SOURCE RECORDS:
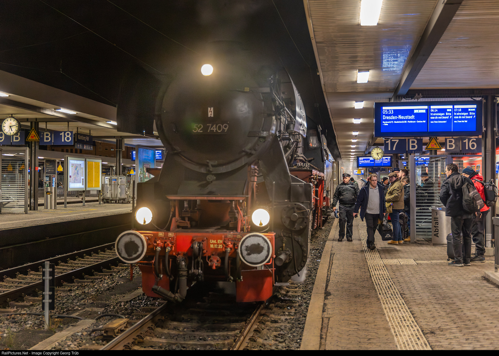 | It's very early in the morning, 05.12 AM, in Nürnberg main station. The steam train DRC 20965 of the IGE Erlebnisreisen to Dresden Neustadt with 2-10-0 freight train steamlocomotive 52 # 7409 of the Eurovapor (owned by the town of Würzburg) is ready for departure at 05.33 AM. |
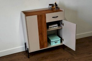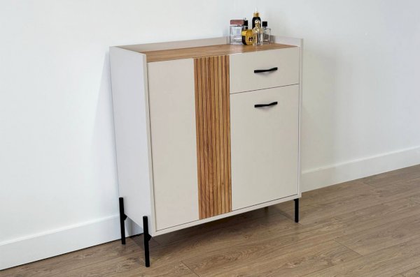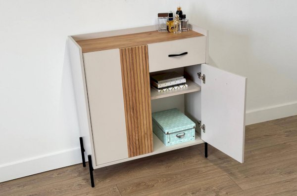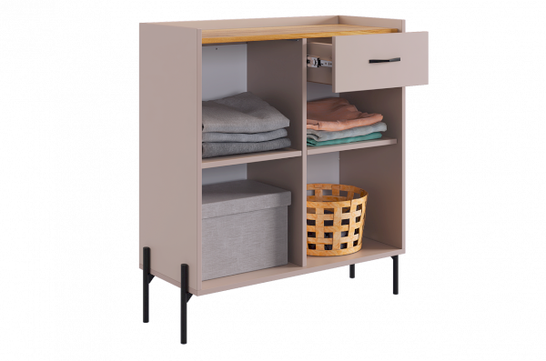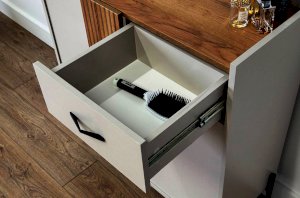 С другой стороны комод оборудован выкатным ящиком, который обеспечивает легкий доступ к часто используемым предметам. Под ним расположен большой глухой фасад, скрывающий за собой просторное хранилище для более крупных вещей.
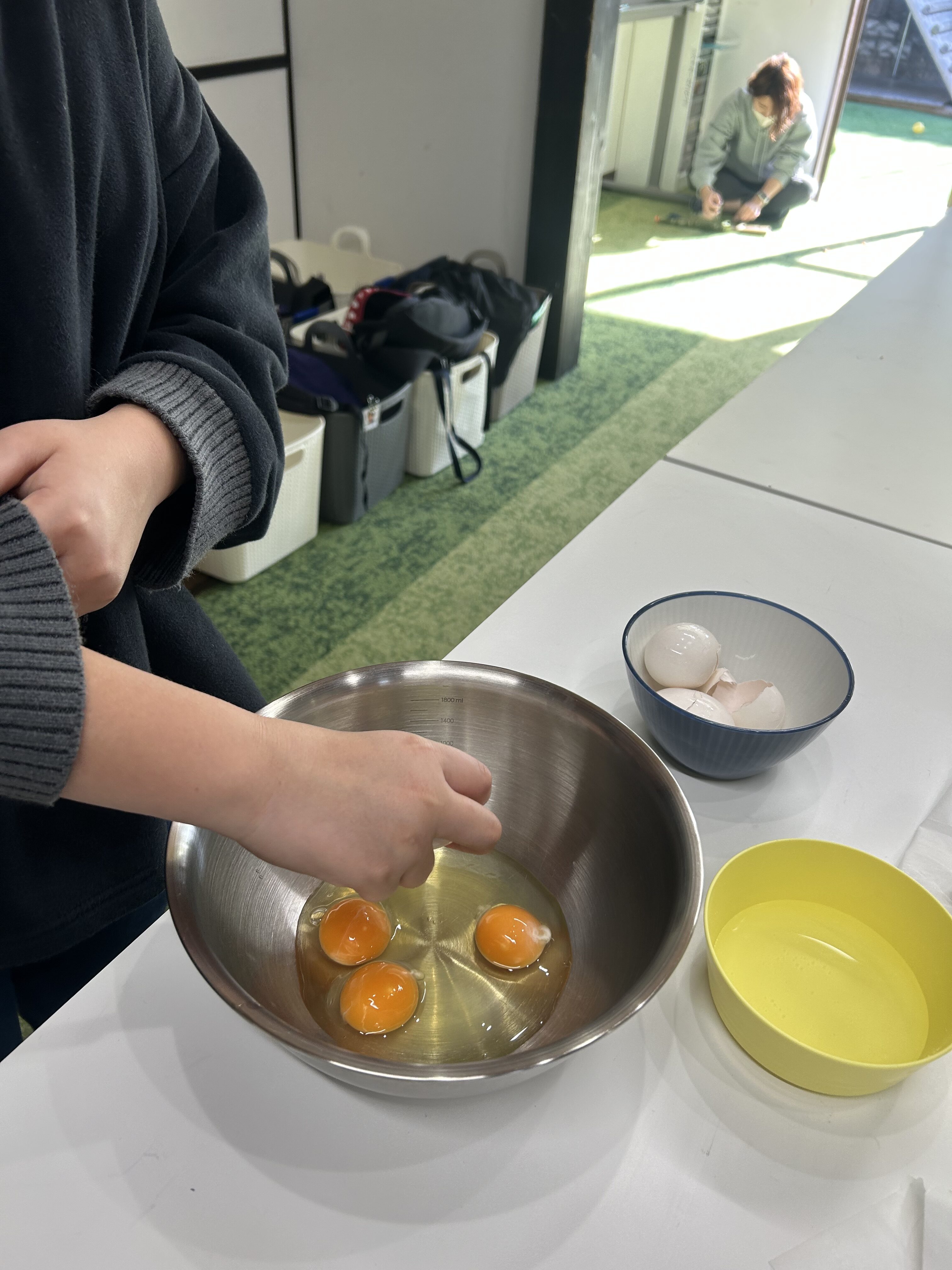 スクランブルエッグ用の卵🥚片手できれ〜いに割れててさすがだったね👍✨
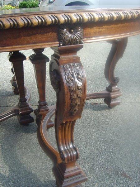 I am trying to get a date and estimated price. The chairs are in poor condition - so I am mainly interested in the value of the table and hutch. There are 2 other matching buffet-style pieces that are being kept in the famly at this point.
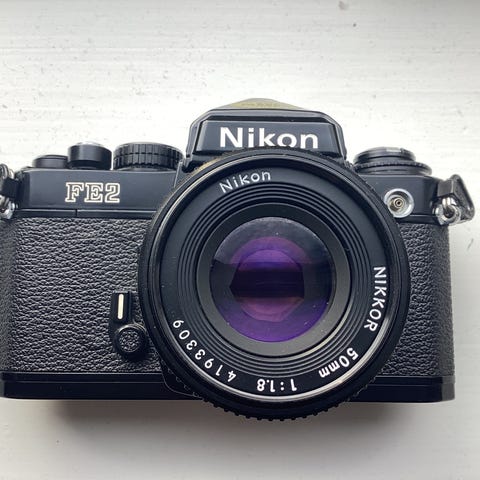 Nikon FM analog spejlreflekskamera med 50mm objektiv og motor drive
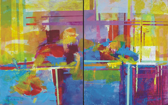 Colour Dynamics 1 & 2, 2004 Acrylics on 3D canvas, Diptychon 2x 50 x 40cm |
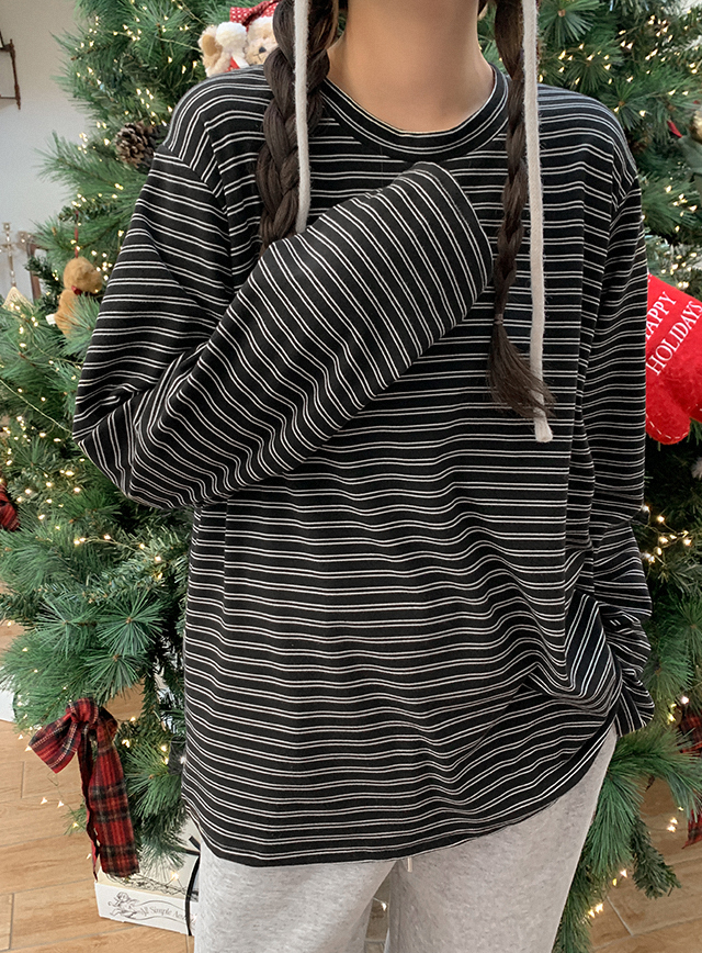 리쉬츠 Stripe napping Round Long-sleeve T-shirt 85493
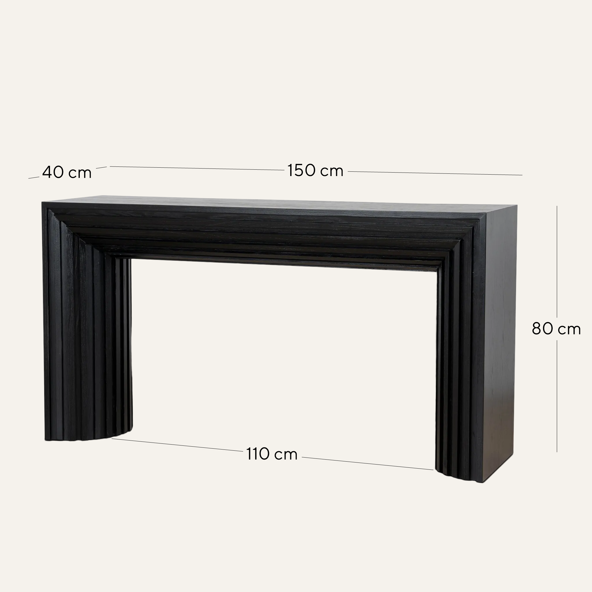 Overall: 150cm (W) x 40cm (D) x 80cm (H) Distance between Legs: 110cm
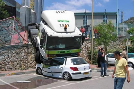 Arabanızı park ettiğiniz yere çok dikkat edin! Gördüğünüz gibi her an her yerden bir kamyon üstüne düşebilir.
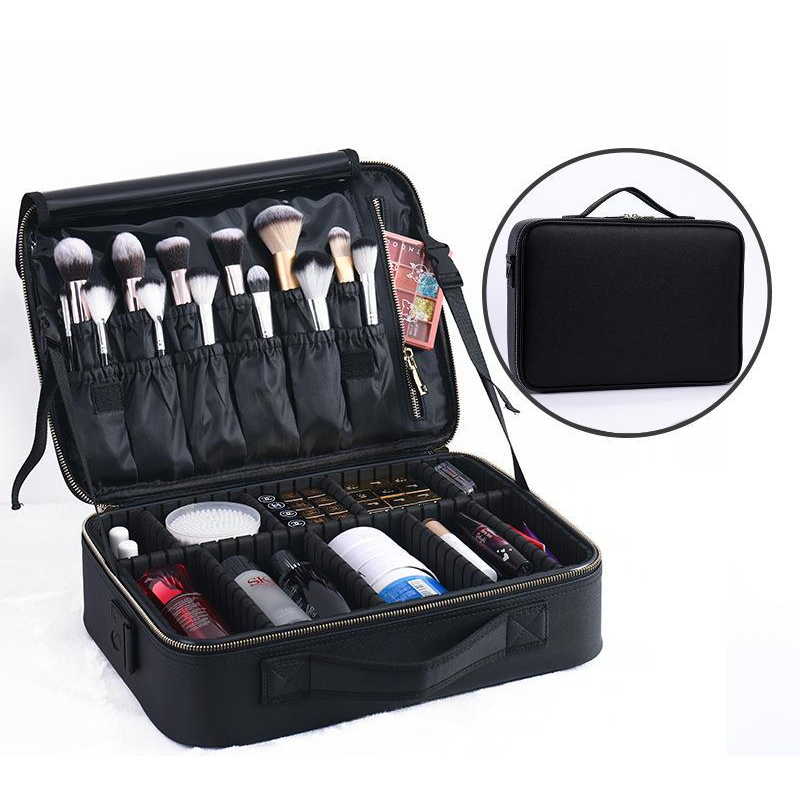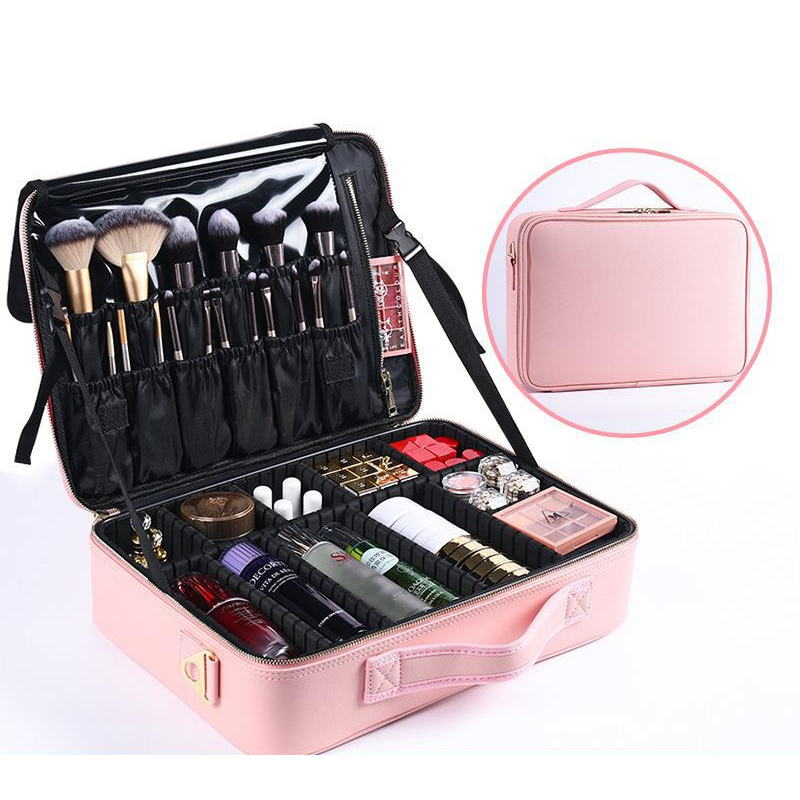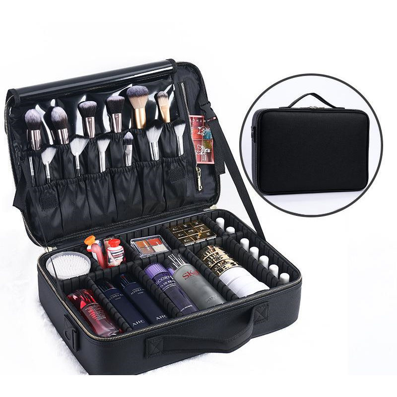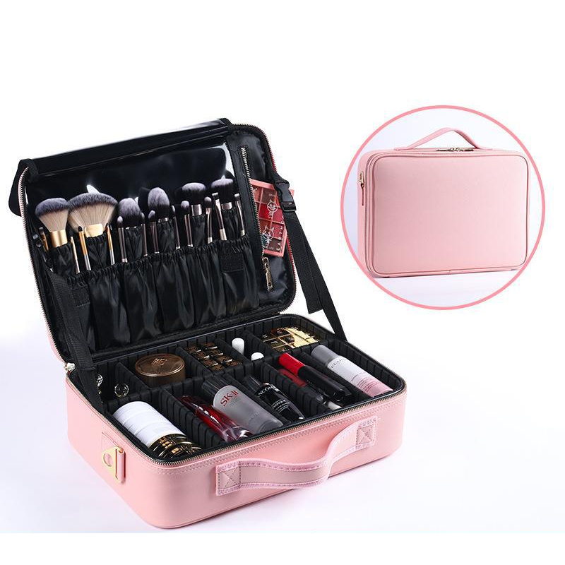 Women's Cosmetic Bag Cosmetic Bag Beauty Storage Box Leathermedium2 layers white

TO DO: Copy exactly the part of the material above that opens with the line containing "I am trying" and closes with the line containing "Colour Dynamics 1", ends included. Drop the images.

WRITTEN SOLUTION:
 I am trying to get a date and estimated price. The chairs are in poor condition - so I am mainly interested in the value of the table and hutch. There are 2 other matching buffet-style pieces that are being kept in the famly at this point.
 Nikon FM analog spejlreflekskamera med 50mm objektiv og motor drive
 Colour Dynamics 1 & 2, 2004 Acrylics on 3D canvas, Diptychon 2x 50 x 40cm |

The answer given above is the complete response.